Город был затемнен, фары зажигать было запрещено, и шофер вел машину со всей осторожностью. Только подкатили к гестапо, истошно завыли сирены, по черному небу заметались мощные лучи прожекторов. Забахали зенитки, но их тут же заглушили сильные взрывы. Бомбы ложились точно – на склады боеприпасов и горючего. Взметнулись огромные языки пламени.

Неподалеку от гестапо находилась крупная автобаза. Бомба угодила в самую гущу машин.

Зауер стремглав вбежал в бомбоубежище, оборудованное из массивных железобетонных плит на большой глубине под зданием гестапо. Увидев его, гестаповцы удивленно воскликнули:

– Живы?!.

– Не собираюсь отправляться на тот свет!

– Но офицерское кабаре взлетело на воздух! – пояснил один из гестаповцев. – Вы же там были с Гансом. Считайте, что вернулись с того света!

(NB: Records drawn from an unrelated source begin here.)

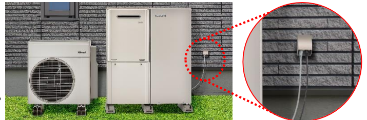
狭小地設置イメージ

◆ 屋外コンセント対応※2で専用電源工事が不要 ECO ONE Plug-in LOWBOY モデルは、ガス熱源機とヒートポンプを既設屋外コンセントへの電源接続※2で設置できます。別途、ブレーカーからヒートポンプ専用電源工事が不要で、給湯器買替時の施工が簡単になります。
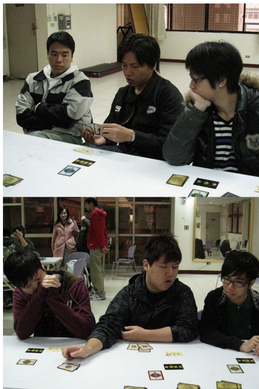
打到最後的冠軍賽時，氣氛變得非常沉重，選手們大多屏息看著自己隊友的動作。
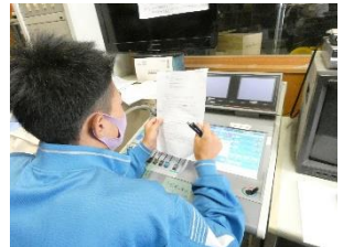
【放送室から全校生徒へ】
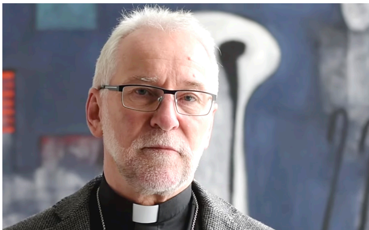
Škof Jože Marketz o smiselnih ukrepih proti širjenju koronavirusa
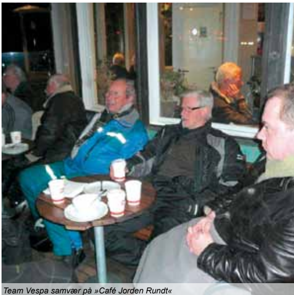
Team Vespa samvær på »Café Jorden Rundt«
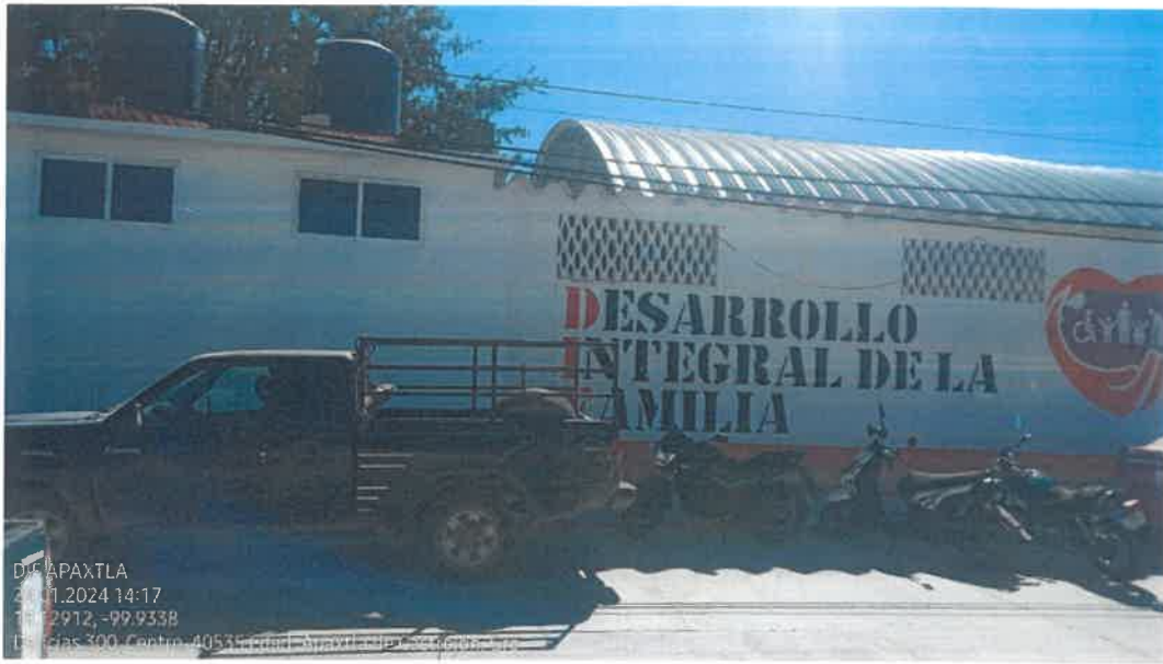
DIF APAXTLA 26.01.2024 14:17 18.12912, -99.9338 Dif. Cajas 300, Centro, 40530 Cdad. Apaxtla de Castrejón, Gro
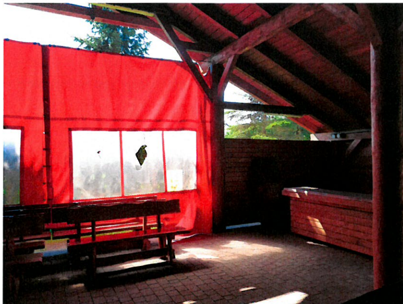
zdjęcie nr 3
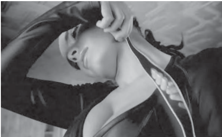
Figura 18: Look what's inside , Unilever, 2007

Estes dois anúncios propõem-nos duas leituras distintas da fragmentação, que, sublinhe-se, não implica necessariamente alienação. Em Look what's inside , deparamo-nos com uma colecção de mulheres; em Recette d'une femme mode , com uma mulher plural. Esta última, pode não saber exactamente quem é, nem conseguir regressar ao núcleo da sua individualidade, o “não sei quê” que talha a identidade e o “quase nada” que faz toda a diferença (Jankélévitch, 1980). Tropeça, mesmo assim, no nome e na carne. Este texto já vai longo e quanto mais se expande mais se assemelha a um mosaico do Gaudi no Parque Güell. Urge encontrar um par de chaves para o fechar.
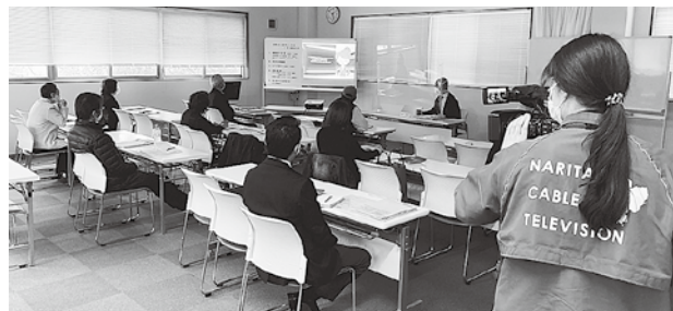
ケーブルテレビの研修会取材

ては、受講者定員10名を原則とし、飛沫防止のためのアクリルボードの設置、入室前の検温や換気、受講中のマスク着用等の感染予防対策を図るなか開催している。
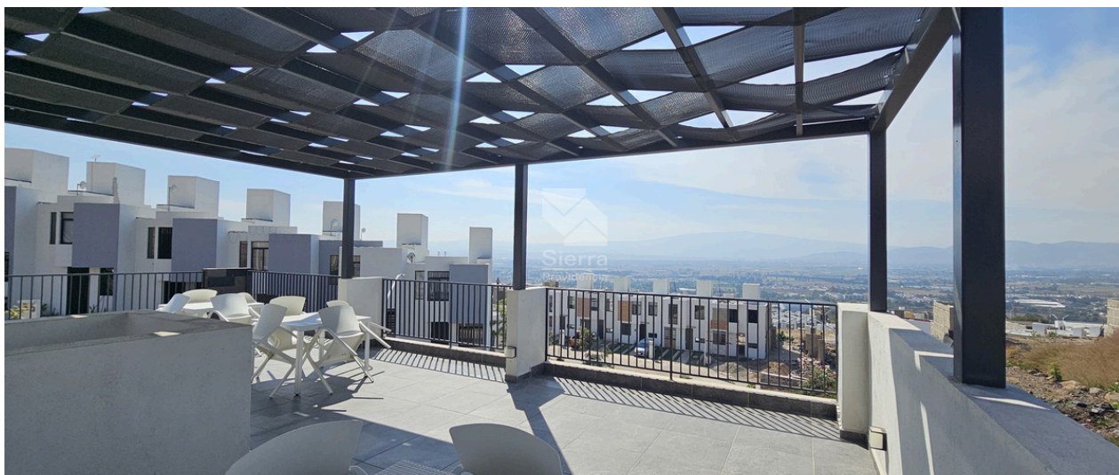
VISTA CASA CLUB
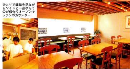
南仏風の店内はカフェのように気取らぬムード。料理もみんなでワイワイシェアして

■京都市北区上茂高純手町75 クルーゼ神山1F ☎075-722-8891 ●11:30～14:00 17:30～21:30/水休 平均予算3500円
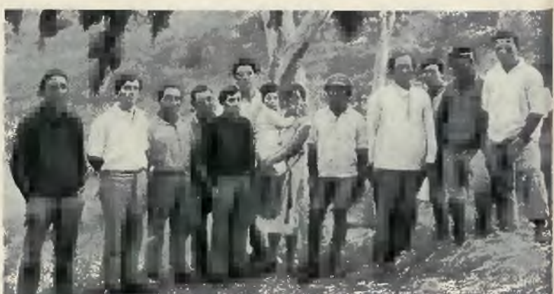
Pierwsi koloniści Wadi Chawarith

– До него стало что-то очень близко, – побледнел Зауер.

***

Начальник городской полиции Раздоркин восседал в кресле за письменным столом и внимательно читал какую-то бумагу. По сдобренному медовой улыбкой лицу можно было подумать, что он очень рад, в восторге. Еще бы! Направление из гестапо! Не каждому удастся получить, а вот Петренко, что слишком вольно сидит перед ним, получил. С такой рекомендацией! Тут и вопроса нет – зачислить или не зачислить. Только вот… Раздоркин не выдержал, лицо его затуманилось, глубокие складки вспахали низкий покатый лоб.

До этого случая Раздоркин сам подбирал полицейских и следователей. Согласует с гестапо и назначит на должность. Да взяточку не забудет взять. Петренко – первый, кого гестапо само направило служить в полиции и не испросило его мнения. Вот это и озадачило начальника полиции. Потребовать и от Петренко положенную суммочку или воздержаться?.. Чего доброго, еще нажалуется, погоришь. И лишать себя этого налога вроде бы ни к чему…

Раздоркин еще. раз внимательно прочитал направление, исподлобья поглядывая на Петренко. Рука его, тронутая нервной дрожью, уже который раз ложилась на глубокую залысину и терла, терла ее до красноты. Может, подкоп какой под него?.. Раздоркин разгладил обеими руками редкие рыжие волосы, снял очки, подумал немного, не зная, как похитрее выяснить, какие отношения у Петренко с гестапо?

– Вы сами, извиняюсь, захотели работать в полиции или вам, извиняюсь, посоветовал кто? – спросил он вкрадчиво, склонив голову набок.

– Сам, господин начальник, сам, – ответил Петренко, наслаждаясь растерянностью начальника полиции.

Раздоркин снова трет уже совсем покрасневшую залысину, щурит отекшие глаза и с подходцем спрашивает:

– Вас, видать, хорошо знают в гестапо?

– Не только в гестапо. Меня хорошо знают также и в штабе армии.

Раздоркин поперхнулся. Взяточка, кажется, летит коту под хвост! Тут не до нее: определенно не зря направило гестапо этого самодовольного Петренко, предателя! Простуженным голосом прохрипел:

– Великолепненько! Великолепненько!

Вынул из ящика стола начатую пачку немецких сигарет, протянул услужливо Петренко.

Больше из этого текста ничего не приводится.